Just a Few Glances: Open-Set Visual Perception with Image Prompt Paradigm

TL;DR

This work tackles open-set perception in detection and segmentation by addressing the limitations of text- and visual-prompt paradigms. It introduces the Image Prompt Paradigm and the MI Grounding framework, which use a small set of automatically curated image prompts and a dedicated image-prompt selection encoder to fuse prompts with multi-scale visual features in a single-stage, non-interactive pipeline. The approach achieves competitive results on standard OSOD/OSS benchmarks and shows notable improvements on cross-domain tasks, with substantial gains on a specialized ADR50K X-ray defect dataset. Overall, it offers a practical path toward fully automated open-set perception suitable for production pipelines and domain-specific applications.

Abstract

To break through the limitations of pre-training models on fixed categories, Open-Set Object Detection (OSOD) and Open-Set Segmentation (OSS) have attracted a surge of interest from researchers. Inspired by large language models, mainstream OSOD and OSS methods generally utilize text as a prompt, achieving remarkable performance. Following SAM paradigm, some researchers use visual prompts, such as points, boxes, and masks that cover detection or segmentation targets. Despite these two prompt paradigms exhibit excellent performance, they also reveal inherent limitations. On the one hand, it is difficult to accurately describe characteristics of specialized category using textual description. On the other hand, existing visual prompt paradigms heavily rely on multi-round human interaction, which hinders them being applied to fully automated pipeline. To address the above issues, we propose a novel prompt paradigm in OSOD and OSS, that is, \textbf{Image Prompt Paradigm}. This brand new prompt paradigm enables to detect or segment specialized categories without multi-round human intervention. To achieve this goal, the proposed image prompt paradigm uses just a few image instances as prompts, and we propose a novel framework named \textbf{MI Grounding} for this new paradigm. In this framework, high-quality image prompts are automatically encoded, selected and fused, achieving the single-stage and non-interactive inference. We conduct extensive experiments on public datasets, showing that MI Grounding achieves competitive performance on OSOD and OSS benchmarks compared to text prompt paradigm methods and visual prompt paradigm methods. Moreover, MI Grounding can greatly outperform existing method on our constructed specialized ADR50K dataset.

Paper Structure

This paper contains 12 sections, 10 equations, 5 figures, 7 tables.

Figures (5)

  • Figure 1: Image prompt paradigm vs. previous prompt paradigms. The text prompt paradigm struggles to accurately describe specialized categories. The visual prompt paradigm relies on multi-round human interaction. The proposed image prompt paradigm uses just a few image instances which can handle specialized categories without any manual annotation.
  • Figure 2: The overall framework of MI Grounding.

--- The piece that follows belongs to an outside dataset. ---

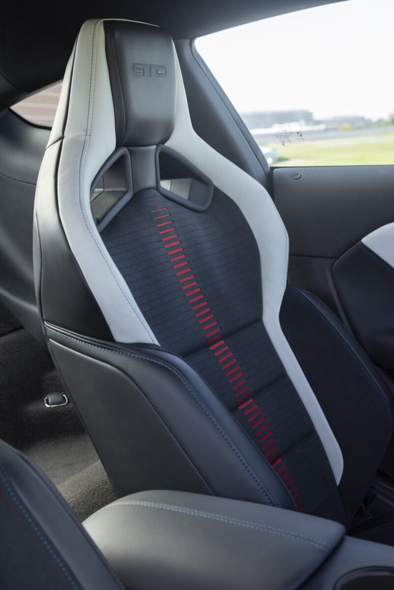 Pakiet „Mustang GTD Performance”auto otrzymuje w standardzie, tak jak zaciski Race Red. Kokpit jest całkowicie przeszkolony. Wnętrze w porównaniu do nadwozia jest całkowicie czarne w odcieniu Black Onyx. Siedzenia zaś grają tu główną role, skórzane z wstawkami Dinamica. Na pierwszym planie wyróżnia się gradient pośrodku w odcieniu Race Red z wykończeniem Re-Entry White i przeszyciami w Victory Blue. Odcień Victory Blue pojawia się również w całej kabinie jako element kontrastowy dla czerni.

Image prompts are encoded, selected, and integrated through the image prompts selection encoder (IPS encoder) to obtain category-specific prompt features. These prompt features are then deeply fused and aligned with multi-scale features from the input image to achieve open-set visual perception.
  • Figure 3: Quality of image prompts. Green indicates good image prompts, while red indicates poor ones.
  • Figure 4: The overall framework of PFSM.
  • Figure 5: Examples of specialized categories in ADR50K dataset. The text denotes the category name of defects, and the areas within bounding boxs denote the corresponding category region.